# DIY Reptile Hides



## Abstractivity (Dec 11, 2018)

Just wanted to create a thread where everyone can post some of what they've found to work when creating hides. Would also like see natural hides or conversions of branches etc. to hides. 
Some ideas of my own include; egg carton tops and bottoms used for hatchlings. cat trays from with holes drilled in used for adults. (drill if the plastic can take the stress and you cave the correct drill parts) Op shops sell them pretty cheap at 1-2 dollars.
Can't wait to see your ideas! 
Thanks.


----------



## Stompsy (Dec 11, 2018)

Bark and cork are my favourites. Oh and toilet rolls.... my yearling pinkies love toilet rolls to hide in.


----------



## Abstractivity (Dec 11, 2018)

Stompsy said:


> Bark and cork are my favourites. Oh and toilet rolls.... my yearling pinkies love toilet rolls to hide in.
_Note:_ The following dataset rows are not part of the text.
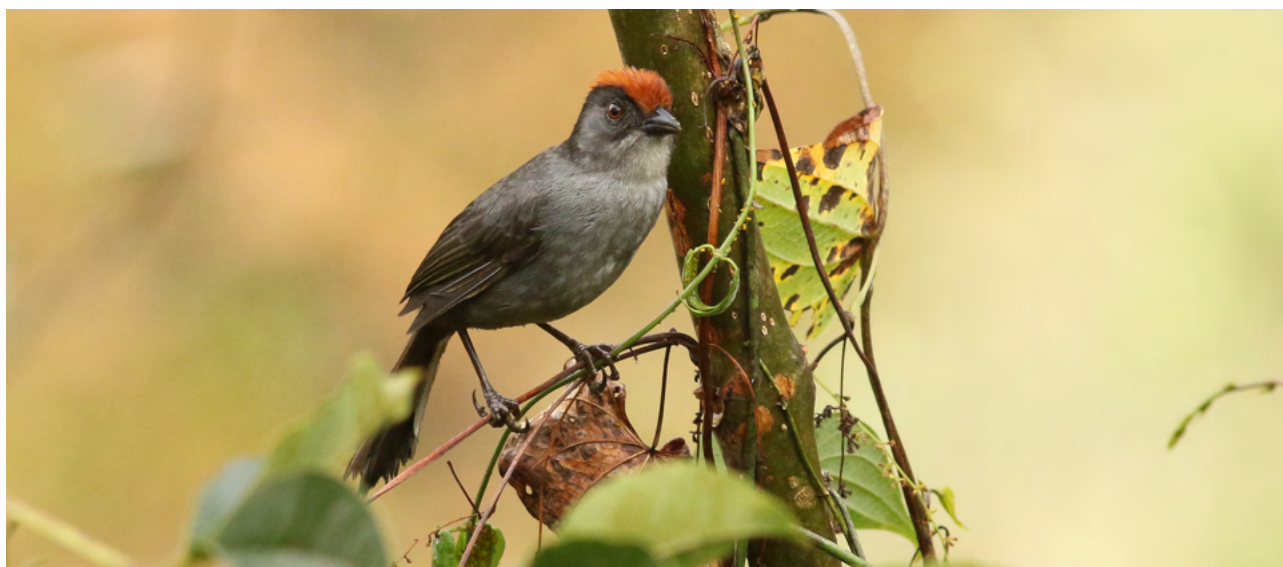
Cuzco Brushfinch Atlapetes canigenis – Peruvian endemic

It did not take long before we had excellent views of several endemic Cuzco Brushfinches , our main target for the afternoon. (-13.0456, -72.9365)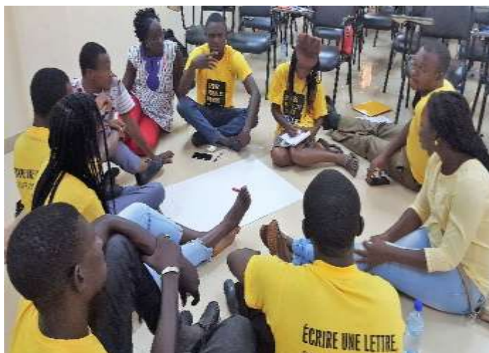
AI Burkina Faso youth members at a campaign training in Ouagadougou © Amnesty International Burkina Faso.

Members in Bobo Dioulasso organized a “Night of Human rights” in commemoration of the 70th anniversary of the UDHR. They mobilized over 150 people and used storytelling, music, drama, film projection to raise awareness about human rights and the UDHR.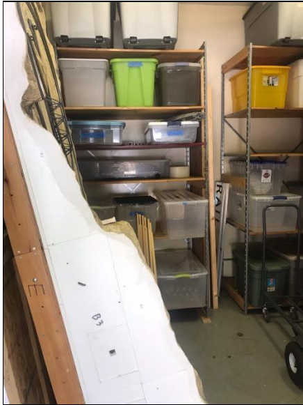
Storage room for layout construction materials and show sales.

A well-attended work session was held Wednesday, May 4 th to finish the job of cleaning out the Club storage closets and disposing of unwanted and unneeded items that were cluttering the rooms. The successful cleanout has opened space to store modules for the HO layout expansion and the layouts designated for sale or raffle at future shows. One pickup load went to the dump and a second went to charity.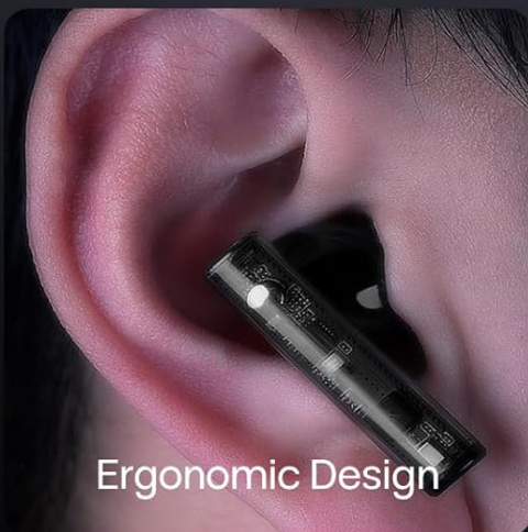
Image: Ergonomic Cavity Contour of the KZ Sora earbuds, illustrating the secure and gentle fit with various eartip sizes (S, M, L).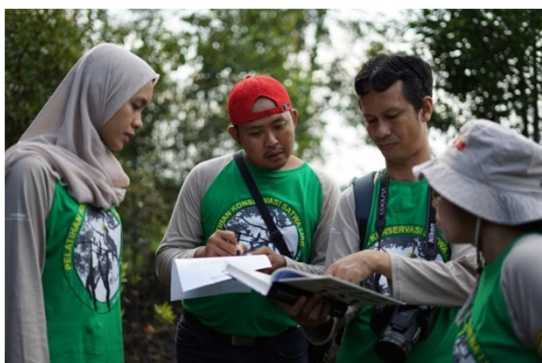
Practical training on the identification and monitoring of wildlife species, 27 th March 2019.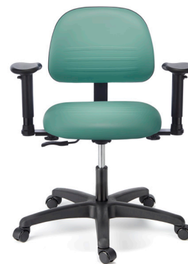
Fusion Fit R+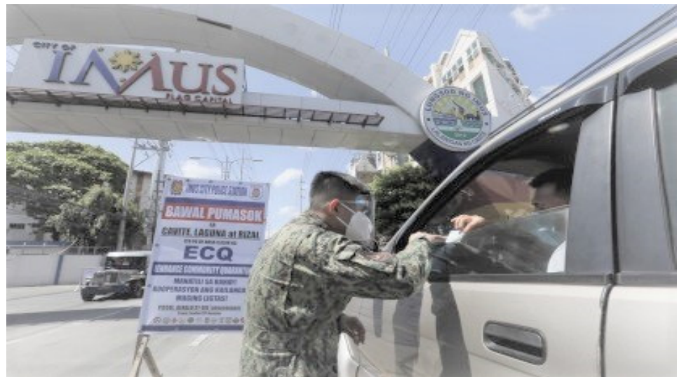
Imus boundary checkpoint

By staying safe at home, we help save lives.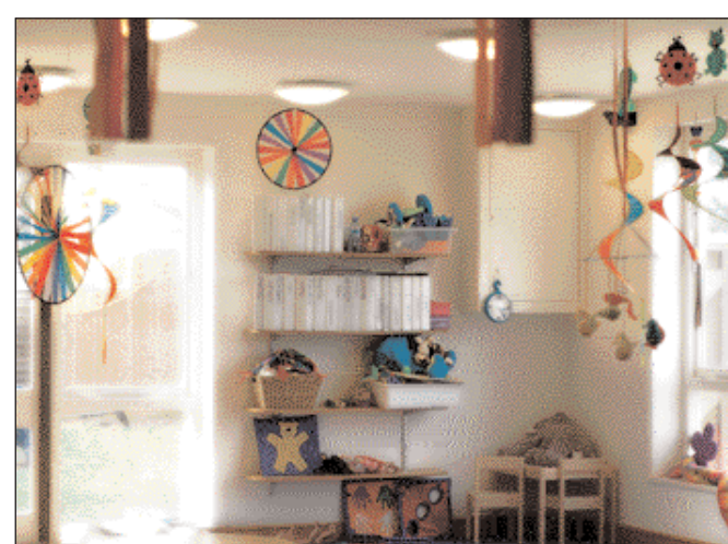
The nursery's baby play room.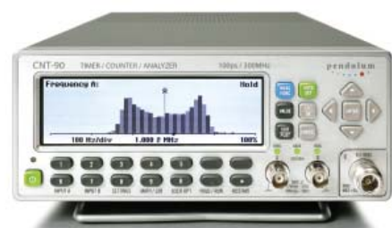
Figure 6: The same result as in Figure 5, now displayed as a histogram.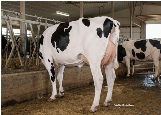
PROGENESIS TOPNOTCH BRAVE GRANDDAM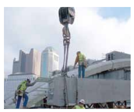
Delivery of the precast, prestressed concrete girders.

Following the inner rib tensioning operations, the eight deck segments closest to the abutments were placed on elastomeric bearing pads, and the outer rib segments were then tensioned the remaining 50%. All arch rib ducts were then grouted. The final eight deck segments spanning the middle two piers were then placed and the upper closure joints were cast using the same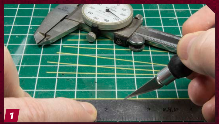
Using tape to replicate straps, seat belts, etc., is simple and effective. I measured the necessary width and cut several lengths of Tamiya tape with a hobby knife guided by a steel ruler.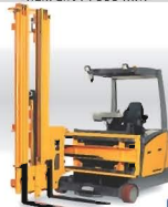
EFX (Tri-Lateral Stacker)

Max. Capacity : 1250 kg Max. Lift : 7000 mm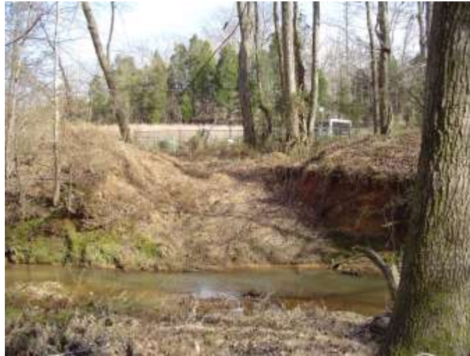
Embankment cut on Clems Branch. Possible historical road crossing. View south over creek to campground in the distance.

Today, the most convenient access to the campground is from the end of Camden Woods Drive. The old road probably extended along the base of the hillside and could have crossed Clems Branch at the only embankment cut that is evident today. That location is about 100 yards downstream of the precise state line crossing.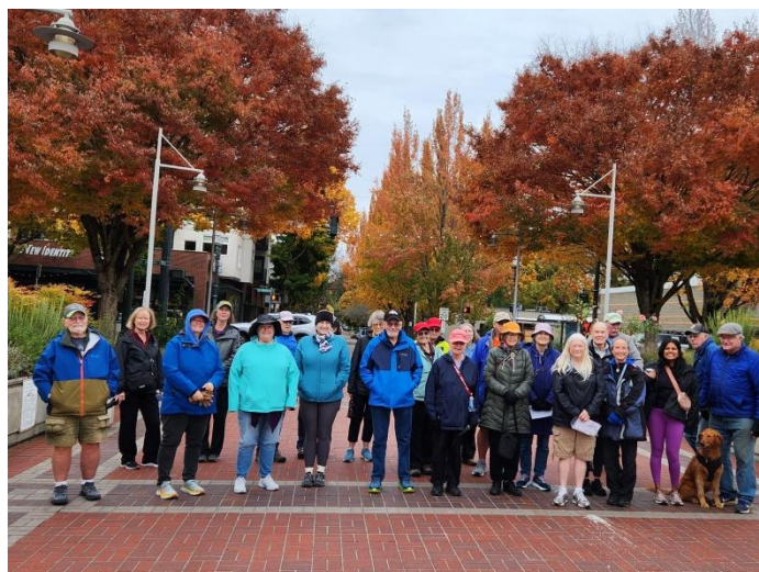
Walkers at start of Historic Irvington Walk – 30 Oct

South East Salem– (Event) The walk is primarily in attractive newer residential areas. There is new commercial developments on Kuebler which the routes will pass by. 5 rated 1A (easy) & 10 km rated 2A (Moderate)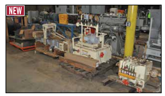
JAPAN STEEL WORKS Hyd. Plastic Twin Screw Extruder

I knew there was one I forgot, I use toilet rolls as well.


----------



## Bl69aze (Dec 11, 2018)

These are my favourites for younglings and box will fit for 1-2years


----------



## dragonlover1 (Dec 11, 2018)

Flower pots with broken edges,paper bark,any bark, microwave dinner containers with hole cut out, small cardboard boxes,paper tubes etc.Possibilities are endless,you are only limited by your imagination.And you don't have to spend big $$$$


----------



## LilithLeChat (Dec 11, 2018)

While Cassandra was still small enough to fit in it - it’s a resin ashtray (never used as such). She is quite comfortable sleeping outside a hide.


----------



## Yellowtail (Dec 11, 2018)

I use PVC pipe caps with a cutout for all my hatchlings, not nice to look at but practical and easy to clean.
For larger snakes flower pots are good and for something a bit different strawberry pots provide lots of hidey holes.


----------